All that belongs in the answer is the lines from the one containing "2026年1月1日にAKB4" to the end of the listing below, copied exactly, pictures excluded.

*INPUT DATA*:
Start of Block

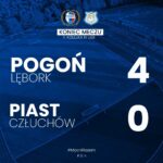 – Mecz rozpoczął się dla nas bardzo dobrze – powiedział po meczu Mateusz Michniewicz, trener Pogoni Lębork. – Stworzyliśmy sobie w ciągu pierwszych 5 minut dwie groźne sytuacje. Chwilę później dostaliśmy rzut karny za faul na Michale Balewskim. Pewnie wykorzystał go Dawid Patelczyk. Później mieliśmy jeszcze dobre sytuacje po stałych fragmentach. Potem przyszedł kwadrans przestoju, gdzie mecz się trochę wyrównał. Piast przeniósł grę na naszą połowę, oddali dwa, trzy groźne uderzenia z dystansu. Całe szczęście przed przerwą po fajnie rozegranym rzucie wolnym Kuba Bach głową strzelił bramkę z asystą Krystiana Faltyńskiego, później Alex Kolasa świetnie się odnalazł po dośrodkowaniu Nikodema Czarneckiego i do przerwy było 3:0. W drugiej połowie szybkie podwyższenie przez Alexa i pełna kontrola meczu. Wykonaliśmy nasz plan. Pewne zwycięstwo bez kontuzji i kartek. Oby tak dalej. Teraz skupiamy się na ważnym tygodniu. Już w środę gramy mecz pucharowy z Pomorzem Potęgowo, potem jedziemy do Sokoła Bożepole. Chcemy awansować w pucharze i zdobyć trzy punkty w lidze.
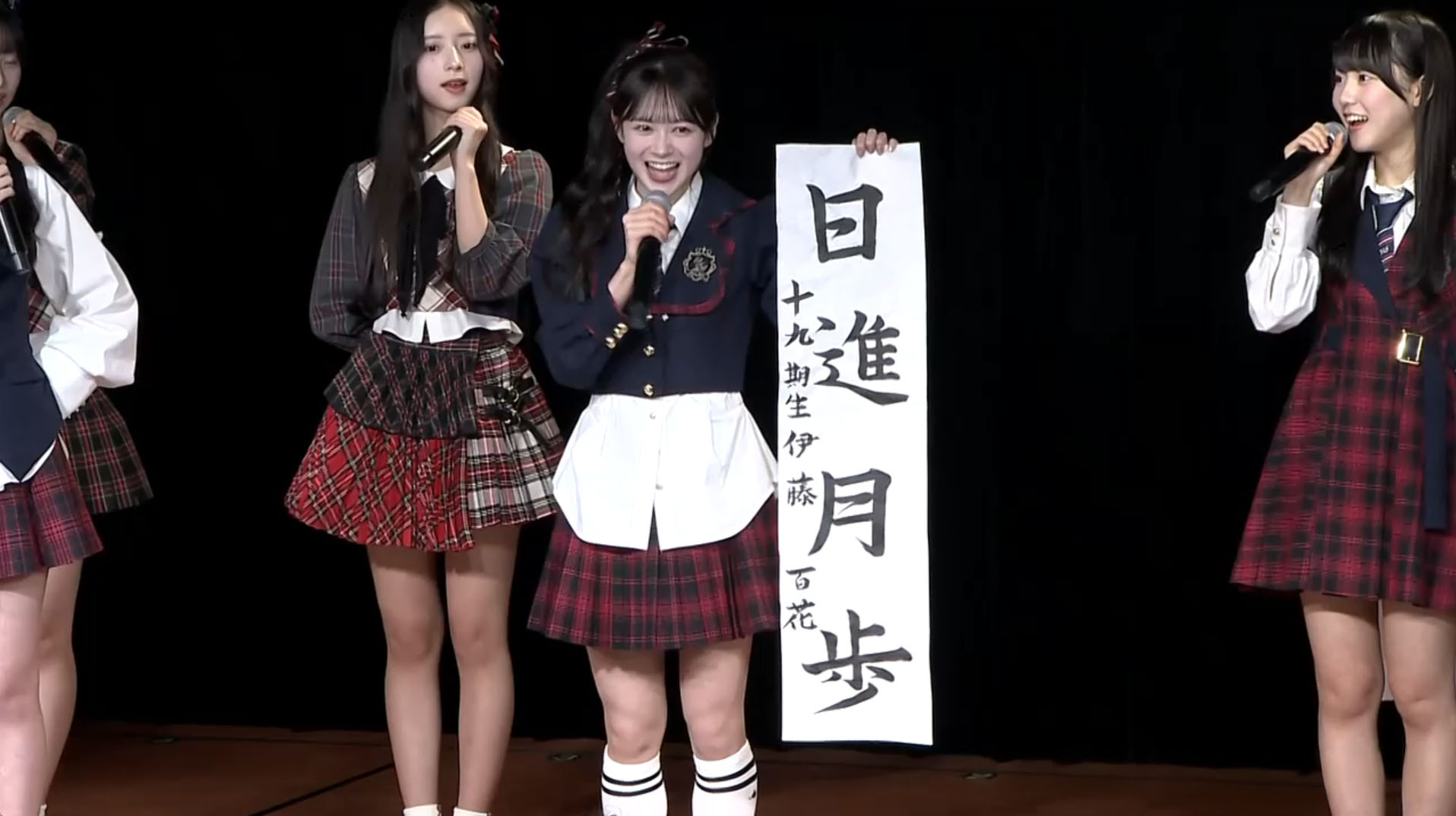 2026年1月1日にAKB48劇場で行われた「元日公演」にて恒例の書き初めを披露した伊藤百花。
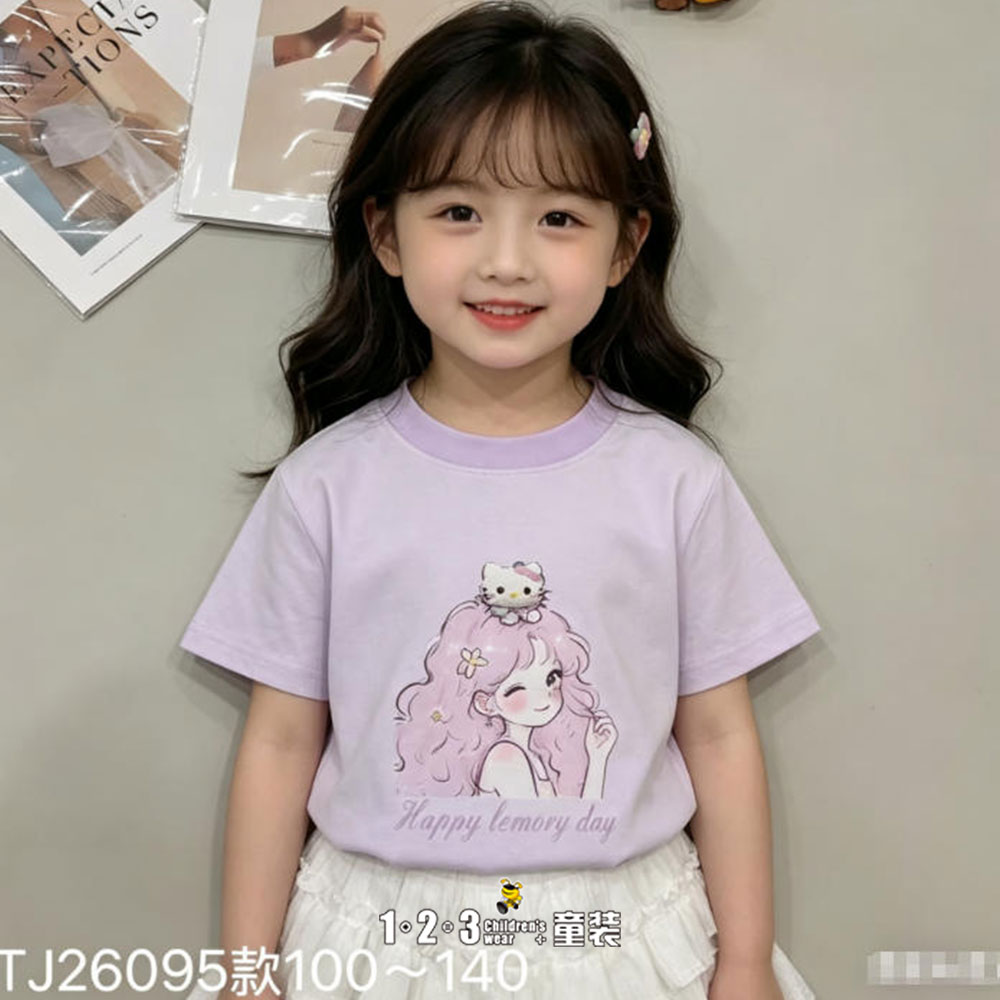 【五一限价23.9元】【特价】紫 夏款 女小童26095 FXDD时尚短T1+2=3童装连锁

End of Block

*RESPONSE*:
 2026年1月1日にAKB48劇場で行われた「元日公演」にて恒例の書き初めを披露した伊藤百花。
 【五一限价23.9元】【特价】紫 夏款 女小童26095 FXDD时尚短T1+2=3童装连锁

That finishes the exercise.